The mineral finds a crucial role in metal forming and stamping dies, where it can maintain sharp edges for prolonged periods under high-pressure conditions. It is also used in downhole equipment for oil and gas exploration, where it can endure the abrasive conditions encountered in drilling.

4. Titanium carbide 

Crystal structure of titanium carbide

Mohs Hardness: 9 – 9.5
Elastic modulus: 400 GPa

Titanium carbide is nearly as hard as diamond and surpasses the hardness of most other natural and synthetic materials. It is the only carbide in the titanium-carbon system. Its exceptional hardness is due to strong covalent bonds between titanium and carbon atoms. 

In its natural form, titanium carbide is extremely rare and can be found as a mineral known as khamrabaevite. This natural mineral was first discovered in 1984 on Mount Arashan, located in western Kyrgyzstan. 

It is quite heavy for its size due to its high density, which is similar to that of gold. This is why jewelry items made from tungsten carbide have a substantial weight despite their compact size. 

Like Tungsten carbide, Tantalum carbide is also used for making machining and cutting tools, such as drill bits and milling cutters. 

The nanoparticles of Titanium Carbide have a large surface area and are more effective in terms of properties and applications. For example, their coatings are applied to cutting tools to further enhance their performance and longevity. 

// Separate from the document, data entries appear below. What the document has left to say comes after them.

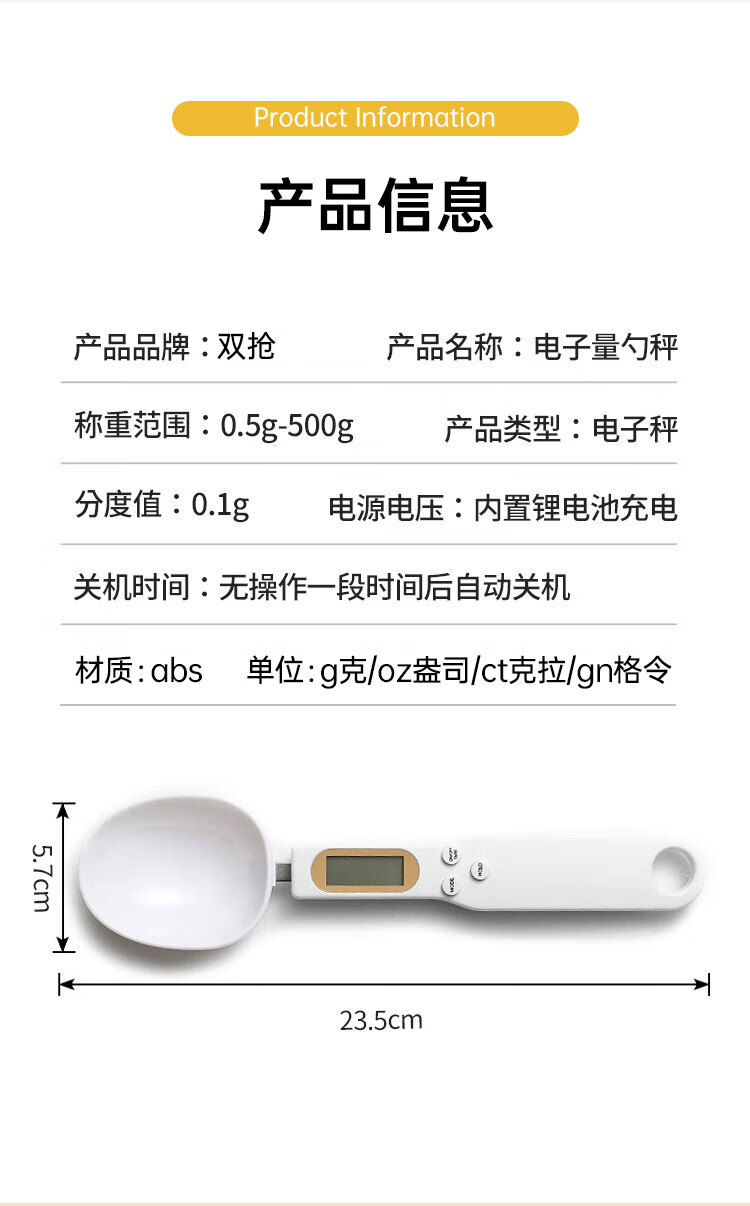 Double Gun (Suncha) Measuring Spoon Electronic Weighing Measuring Spoon Electronic Scale Baby Food Complementary Scale Gram Weight Baked Milk Powder Double Head Measuring Spoon
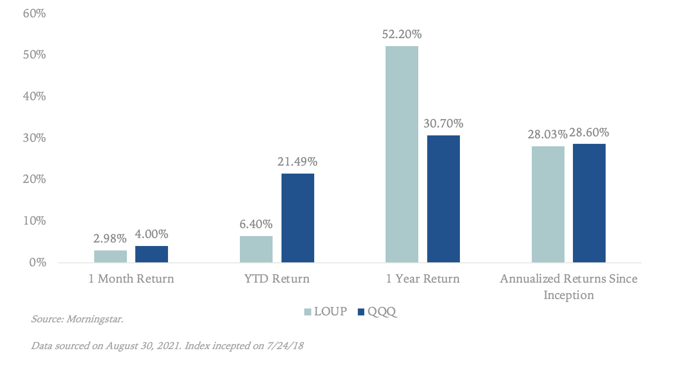 Here is the Loup Frontier Tech Index performance update as of August 31, 2021: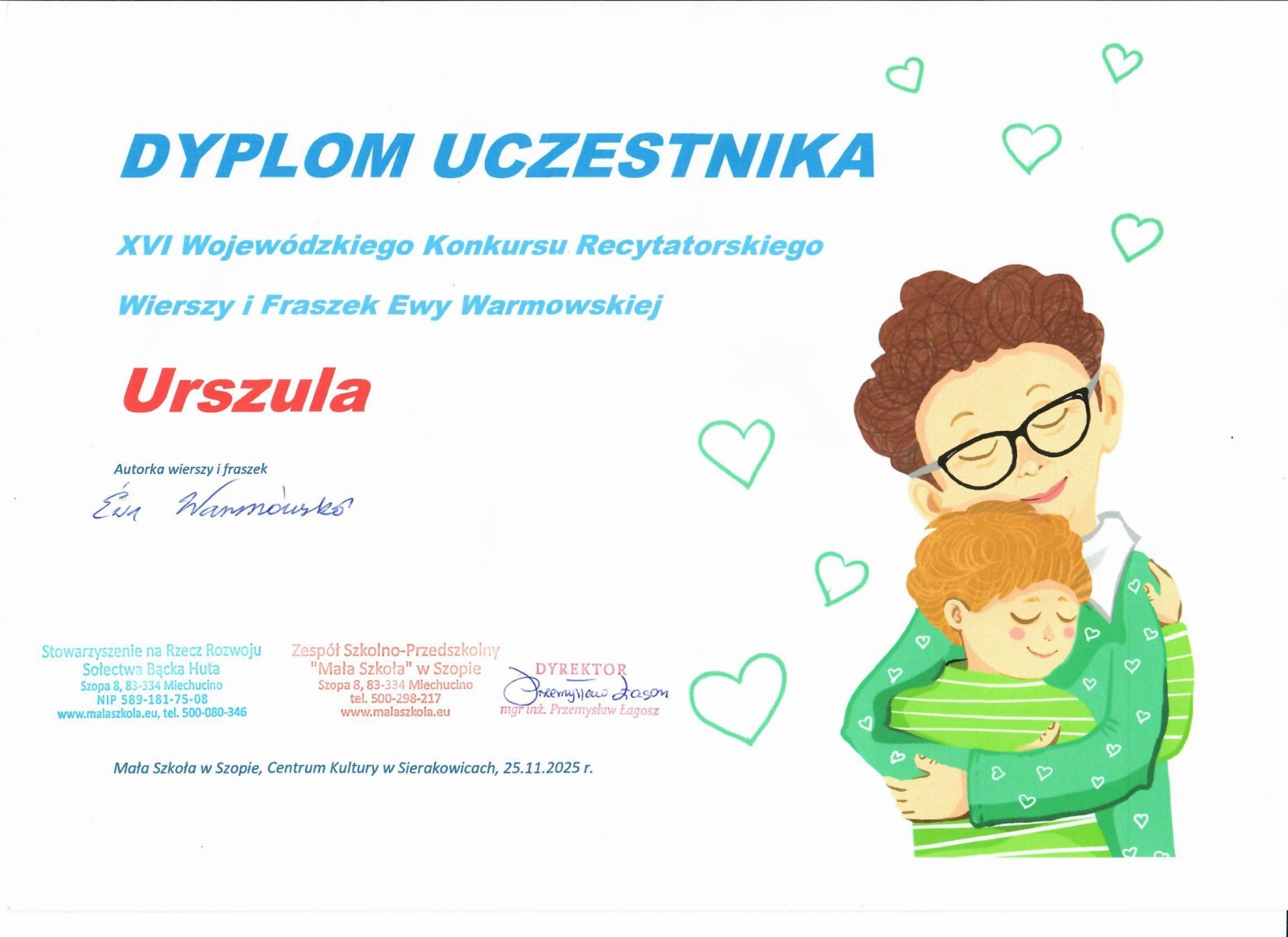 Dnia 14.11.2024r. wręczono nagrodę laureatowi Ogólnopolskiego Konkursu Plastycznego „Marzenia przedszkolaka” na podstawie wiersza Juliana Tuwima „Dyzio Marzyciel” w Przedszkolu nr 37 im. Juliana Tuwima w Rybniku. Z naszej szkoły w konkursie brały udział dzieci z Przedszkola w Dzierżążnie i Przedszkola „Baśniowy Zakątek” w Mezowie oraz świetlicy szkolnej dzieci młodszych.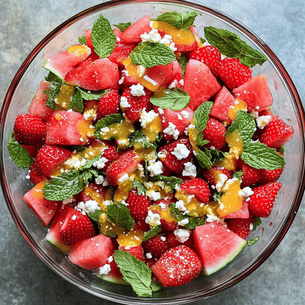Sie können die Früchte einen Tag vorher vorbereiten. Schneiden Sie die Wassermelone und Erdbeeren und bewahren Sie sie im Kühlschrank auf. Mischen Sie das Dressing erst kurz vor dem Servieren. So bleibt alles frisch und knackig. Wenn Sie den Salat frühzeitig zubereiten, sparen Sie Zeit an Ihrem Serviertag.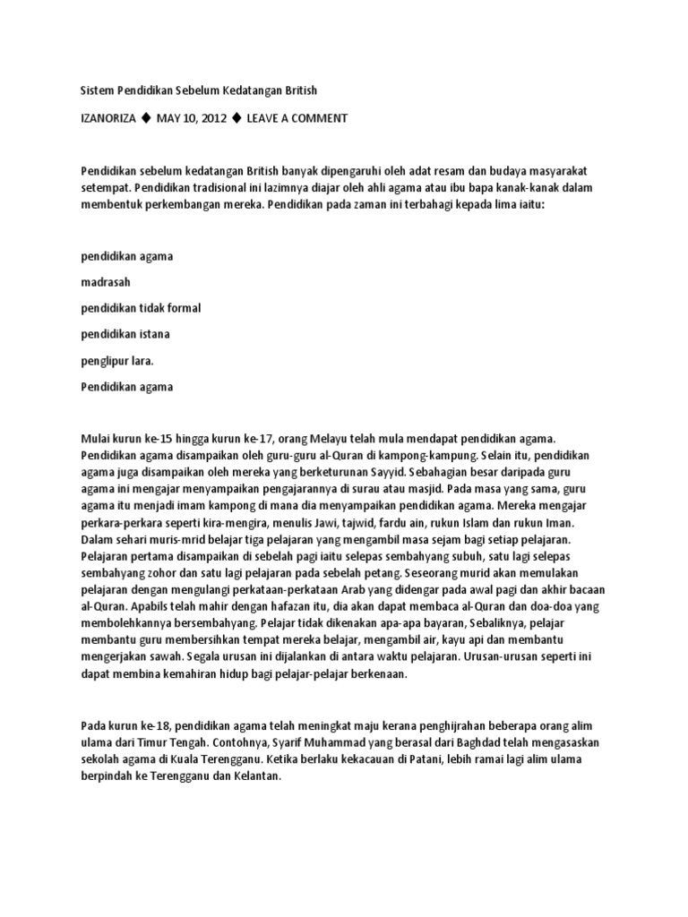 1 Sistem Pendidikan Di Tanah Melayu Sebelum Kedatangan British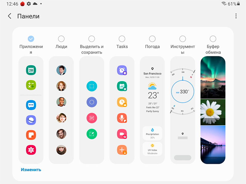 Также есть стандартные самсунговские панели Edge, которые можно настраивать.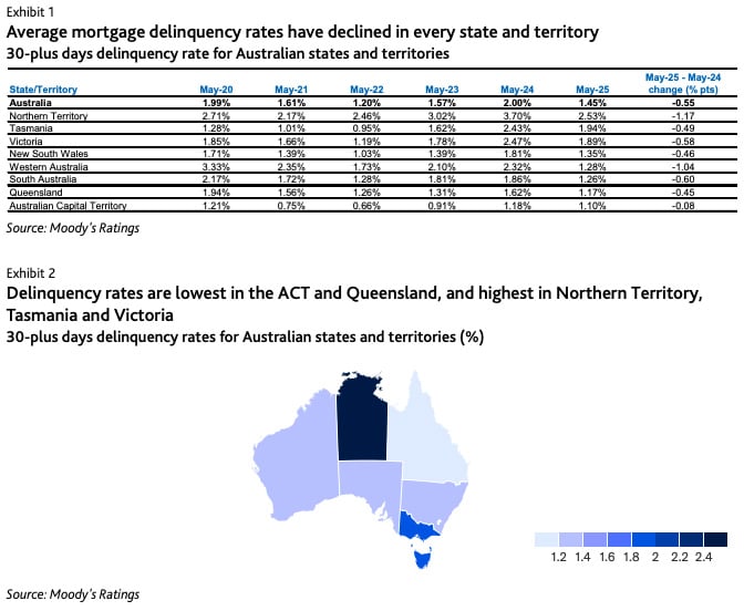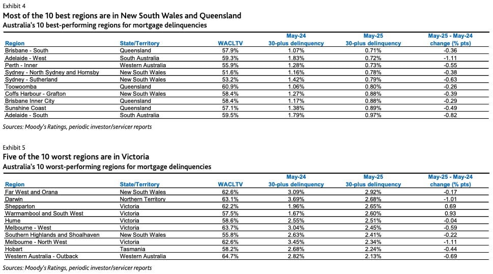 Mortgage delinquency rates, which have started to decline in most areas around Australia, are set to continue to go down over the next year as interest rate cuts make home loan repayments more affordable. Declining home loan delinquency rates are credit positive for Australian residential mortgage-backed securities (RMBS) we rate. However, pockets of weakness will remain in regions where housing market and employment conditions lag the rest of the country, with parts of Melbourne a notable area of risk.

Titanium carbide is used in aerospace applications, such as jet engine blades, turbine components, and nozzles. It is also used to manufacture heating elements, high-temperature furnace components, body armor, vehicle armor, and other protective materials. 

3. Moissanite (Silicon Carbide)

Moissanite, a crystal form of silicon carbide at 14x magnification

Mohs Hardness: 9.25

Moissanite is an extremely rare mineral and naturally occurring silicon carbide. It was first discovered in 1893 by French chemist and Nobel laureate Henry Moissan, after whom the mineral is named.

At first, he mistakenly identified these newly found moissanite crystals as diamonds due to their remarkably similar physical characteristics. It wasn’t until 1904 that Henry Moissan successfully recognized them as silicon carbide, marking a pivotal moment in mineralogy. Intriguingly, the first-ever artificial silicon carbide had already been synthesized a few years before this pivotal discovery.

The earliest known terrestrial source of Moissanite can be traced to rare C chondrite meteorites. These meteorites are unique for their high carbon and amino acid content, and they are known to carry some of the oldest minerals formed within our solar system, including materials that originated from beyond our solar system. 

The discovery of Moissanite in nature’s other sources didn’t occur until the 1960s. One notable location where Moissanite was found is within a diamond mine situated in Russia’s Yakutia region. This finding expanded our understanding of the mineral’s natural occurrence and added to its significance in both geological and gemological studies.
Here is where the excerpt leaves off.